Des loyers étant demeurés impayés, la SA d’HLM VIVEST a fait signifier à Monsieur [D] [X] et Madame [K] [P] épouse [X] un commandement de payer visant la clause résolutoire le 9 avril 2024.
Elle a ensuite fait assigner Monsieur [D] [X] et Madame [K] [P] épouse [X] en référé devant le juge des contentieux de la protection du Tribunal judiciaire de Metz par acte de commissaire de justice du 16 janvier 2025 pour obtenir, sous le bénéfice de l’exécution provisoire :
— le constat de l’acquisition des effets de la clause résolutoire,
— l’autorisation de faire procéder à l’expulsion de Monsieur [D] [X] et Madame [K] [P] épouse [X], avec l’assistance de la force publique et d’un serrurier,
— la condamnation solidaire de Monsieur [D] [X] et Madame [K] [P] épouse [X] au paiement, à titre provisionnel, de 3 484,49 euros au titre de l’arriéré locatif avec les intérêts au taux légal à compter du commandement de payer,
— la condamnation solidaire de Monsieur [D] [X] et Madame [K] [P] épouse [X] au paiement, à titre provisionnel, d’une indemnité mensuelle d’occupation de 689,53 euros,
— la condamnation solidaire de Monsieur [D] [X] et Madame [K] [P] épouse [X] aux dépens et à lui verser 500 euros en application de l’article 700 du code de procédure civile.

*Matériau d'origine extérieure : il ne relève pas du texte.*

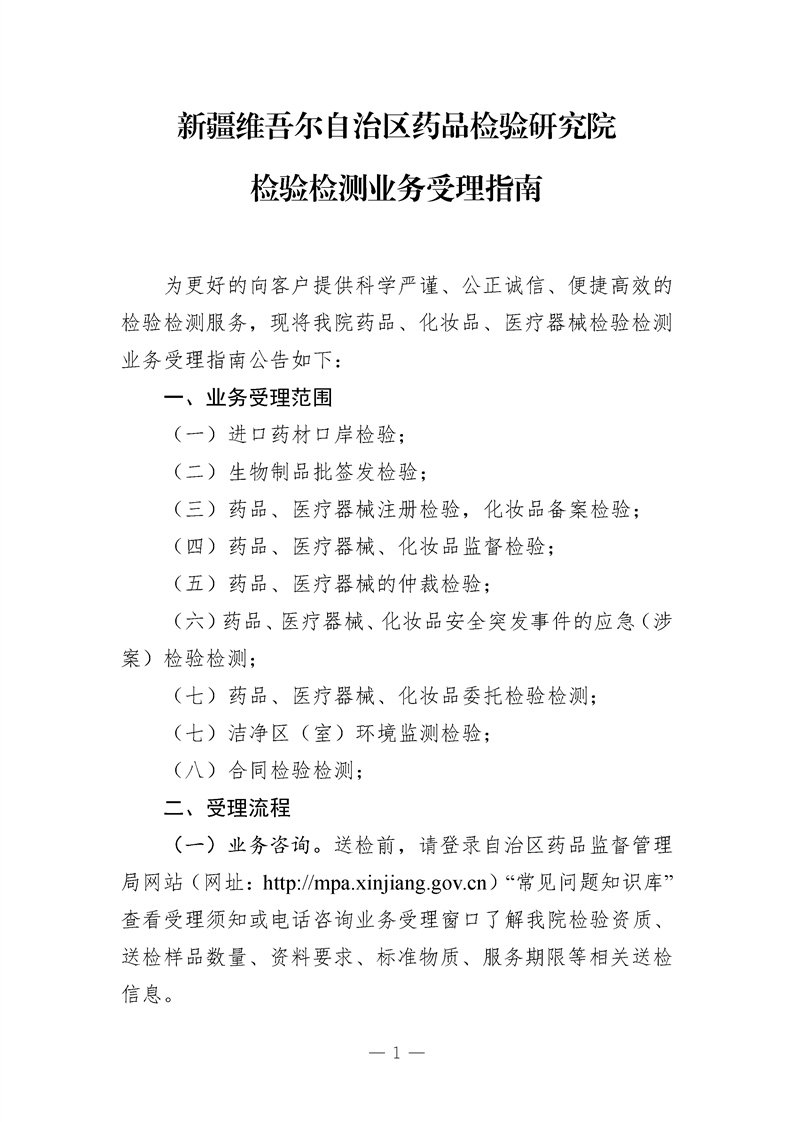新疆维吾尔自治区药品检验研究院检验检测业务受理指南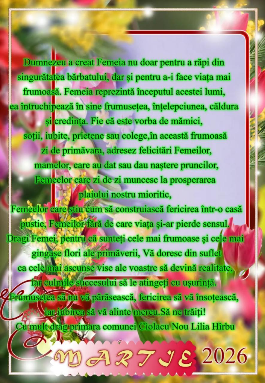 Dragi Femei, pentru că sunteți cele mai frumoase și cele mai gingașe flori ale primăverii, Vă doresc din suflet ca cele mai ascunse vise ale voastre să devină realitate, iar culmile succesului să le atingeți cu ușurință. Frumusețea să nu vă părăsească, fericirea să vă însoțească, iar iubirea să vă alinte mereu.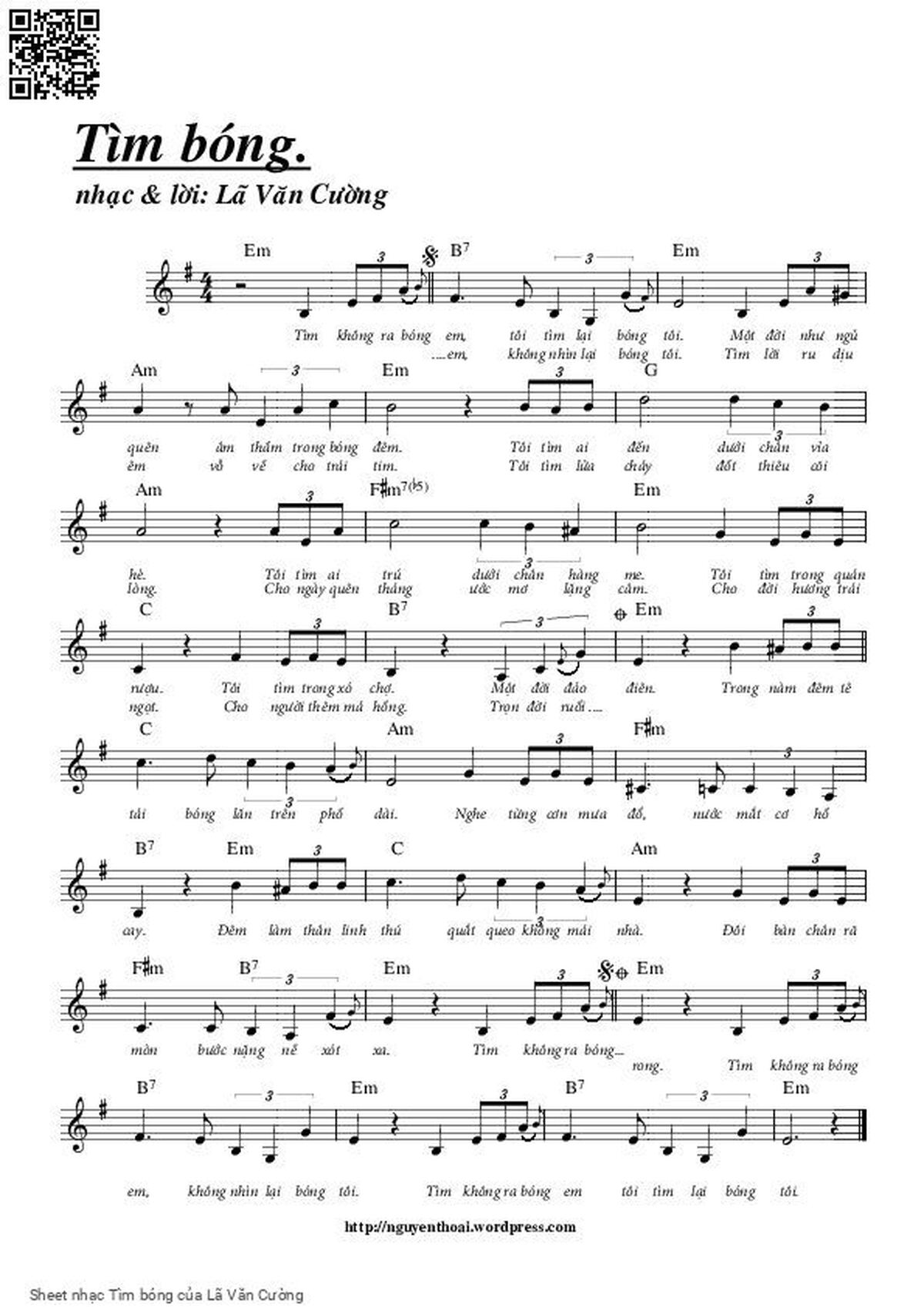 Lã Văn Cường Tìm không ra bóng em tôi tìm lại bóng tôi [PDF] [Sheet] [Lời H.A] [Mp4/Midi]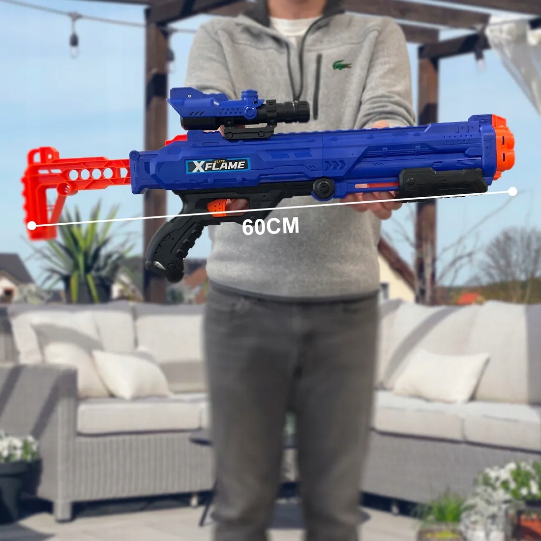 готовий до емоційних розваг? Ми представляємо рушницю, яку можна грати з 2 ультра світлом і м'якими пінопластами. Коли у вас не вистачає картриджів, зверніть боєприпаси до журналу, щоб швидко продовжувати гру, це також сумісний з більшістю іграшкових пістолетів . Така забава запуск допомагає розвивати координацію дітей під час захоплюючого геймплея.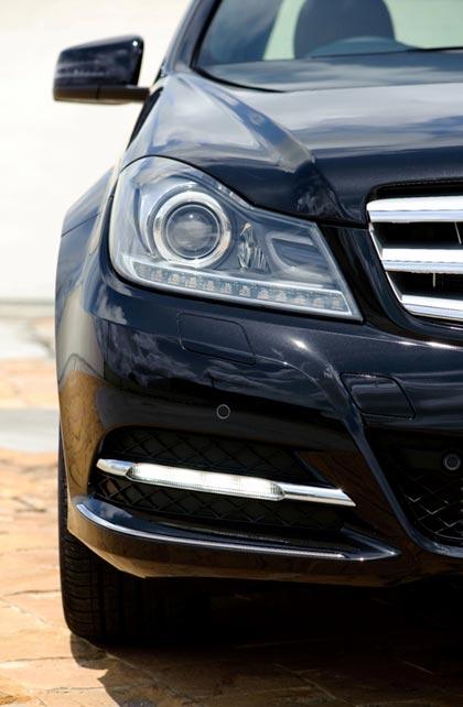 ไฟคู่หน้าใหม่แบบไบซีนอน ถูกออกแบบให้ดูดุดันแต่มีชีวิตชีวา เพื่อให้กลมกลืนกับส่วนหน้าของรถที่เน้นทรง V-Shape ซึ่งทำงานควบคู่กับระบบส่องสว่างอัจฉริยะ (Intelligent Light System - ILS) ผู้ขับสามารถปรับระดับการส่องสว่างโดยอัตโนมัติตามสภาพเส้นทาง พร้อมด้วยไฟ daytime แบบ LED สำหรับการขับขี่ในเวลากลางวันซึ่งติดตั้งอยู่ในกันชนด้านหน้า รวมทั้งไฟหน้าแบบฮาโลเจน ที่ประกอบไปด้วยไฟต่ำและไฟสูง รวมทั้งชุดไฟท้ายดีไซน์ใหม่แบบ LED ที่ช่วยเพิ่มทัศนวิสัยการขับขี่ในยามค่ำคืนให้ดียิ่งขึ้น เอกลักษณ์อย่างหนึ่งของ Mercedes Benz New C-Class Minor Change 2012 คือ ระบบอากาศพลศาสตร์หรือแอร์โรไดนามิกส์ ที่เป็นเลิศด้วยค่าสัมประสิทธิ์แรงเสียดทานอากาศต่ำเพียงแค่ 0.26 หรือเทียบเท่ากับมีค่าทางอากาศพลศาสตร์ที่ดีที่สุดในรถสปอร์ตซีดานระดับเดียวกัน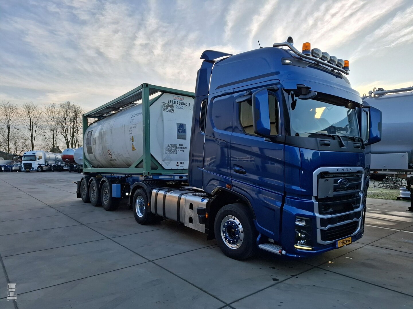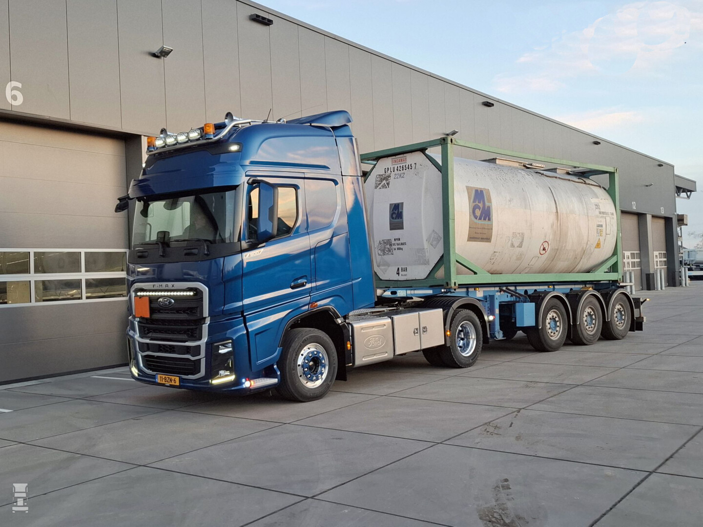 De truck werd besteld in een fraaie blauwe kleur en rondom de grille werd een zilverkleurig accent aangebracht. Met de in kleur gespoten zonneklep, een LED lichtbar in de grille en een lampenbeugel op het dak is het een fraaie trekker geworden. De truck wordt ingezet voor containertransport en is ADR gekeurd om ook met gevaarlijke stoffen te mogen rijden.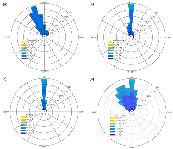 The Azores anticyclone influences the weather and climate observed in the Rias Baixas region, where the winds are predominant from NNE in the winter and from northeast to the northwest in the summer [56,57]. This seasonal pattern is also observed in the wave regime, with great inter-annual variability, where the swell component is predominant most of the year [47]. In the winter, the significant wave height usually ranges between 1–3 m, reaching up to 10 m during storms, and presenting a northwest dominant wave direction [58].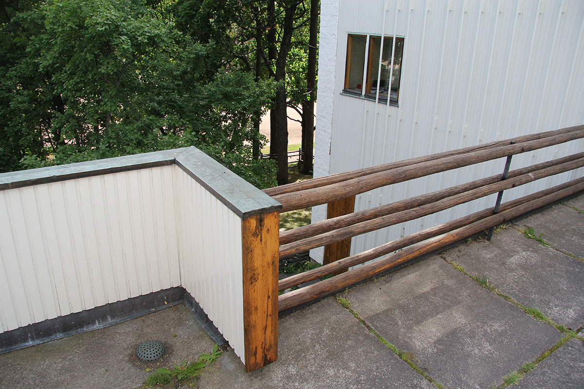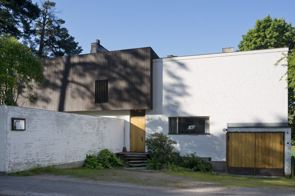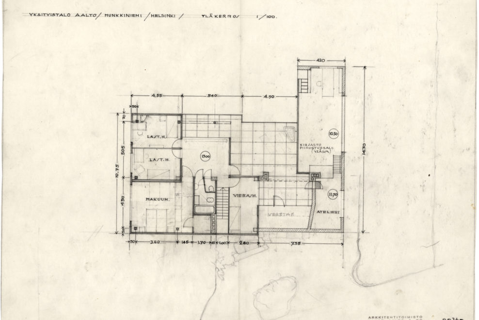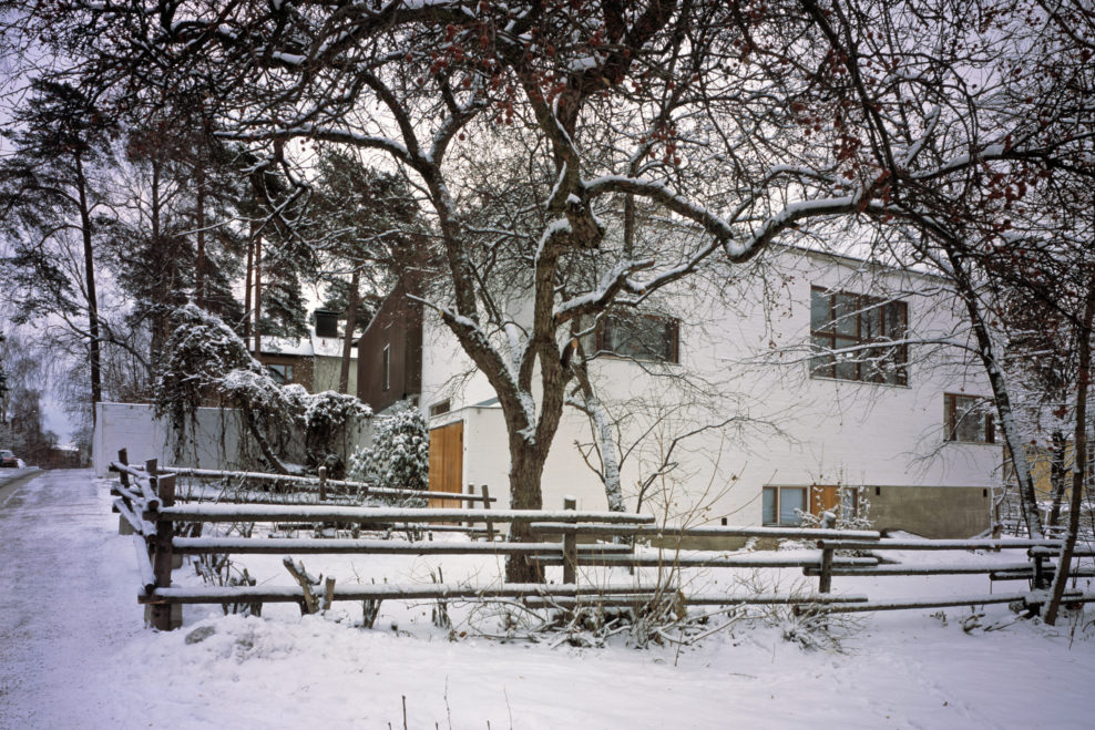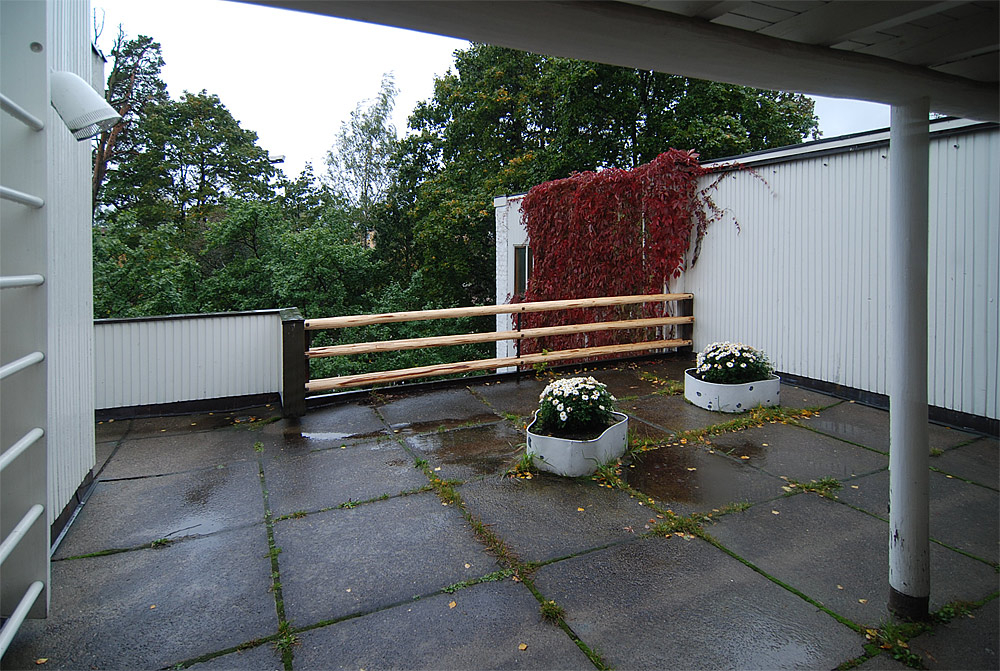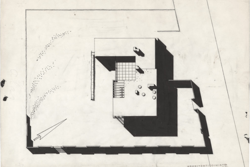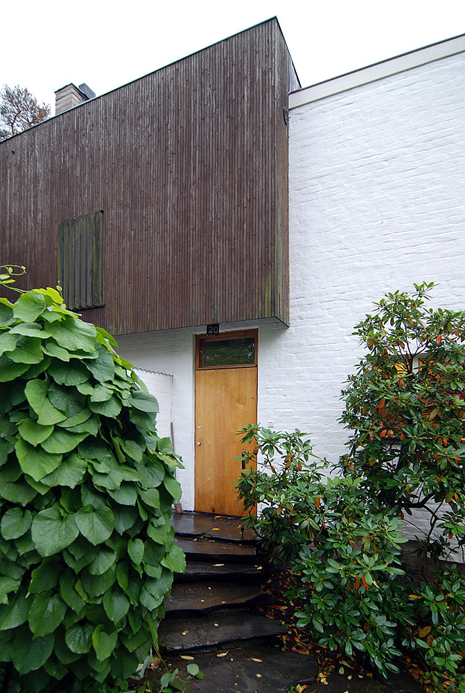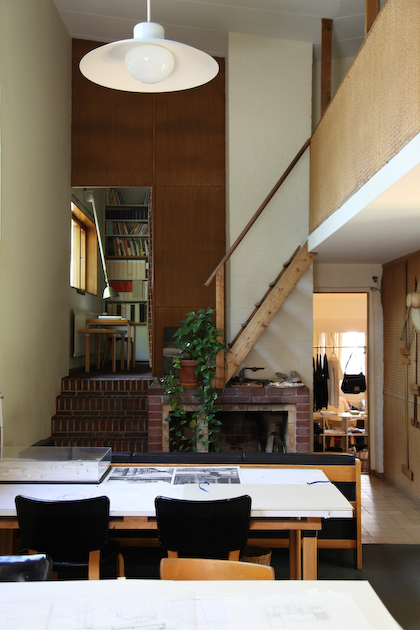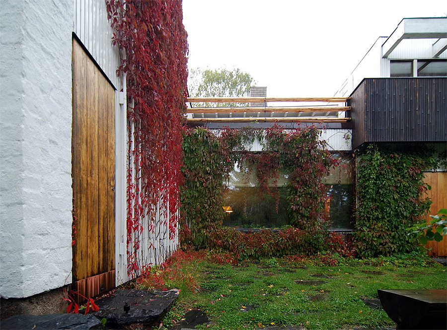 only as residence and private studio of Aalto. Materials: Frame of tubular steel filled with concrete. Exterior walls of whitewashed brick. The living areas of the house have walls of wood, the roofs have only a very slight slope, the terrace on the upper Ievel serves as a roof garden between the dwelling area and the studio area . |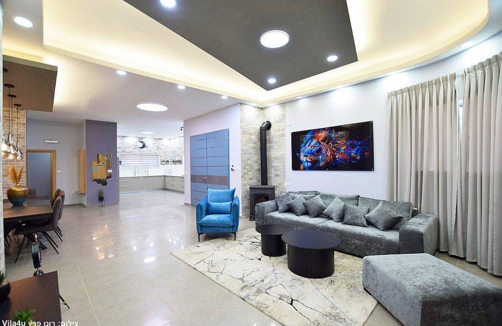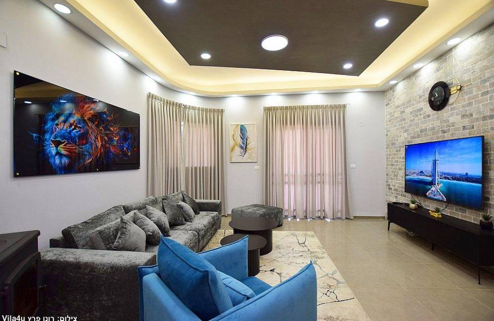 סלון מעוצב ויוקרתי + מסך צפייה גדול עם חיבור ל-YES

A l’audience du 22 mai 2025, la SA d’HLM VIVEST était représentée par Maître MORHANGE, avocat au barreau de Metz ; Monsieur [D] [X] a comparu en personne ; Madame [K] [P] épouse [X], bien que régulièrement assignée par acte de commissaire de justice signifié à domicile, n’a pas comparu et n’était pas représentée.
La SA d’HLM VIVEST, se reportant aux termes de son assignation, a maintenu ses demandes, précisant que la dette locative s’élevait désormais à 3 871,95 euros au 13 mai 2025 et que les locataires n’avaient pas justifié de la souscription d’une assurance contre les risques locatifs.
Monsieur [D] [X] a indiqué qu’il avait transmis son justificatif d’assurance et s’est engagé à le renvoyer pour le 30 juin 2025 au plus tard.
Il a sollicité une suspension des effets de la clause résolutoire et l’octroi de délais de paiement, proposant de verser 180 euros par mois en plus du loyer et des charges courants pour rembourser sa dette.
Il a indiqué que son épouse et lui étaient tous les deux employés, l’un en CDD et l’autre en CDI et qu’ils avaient trois enfants à charge.
Aucun diagnostic social et financier n’a été reçu au greffe avant l’audience.
Après débats, l’affaire a été mise en délibéré par mise à disposition au greffe au 24 juillet 2025.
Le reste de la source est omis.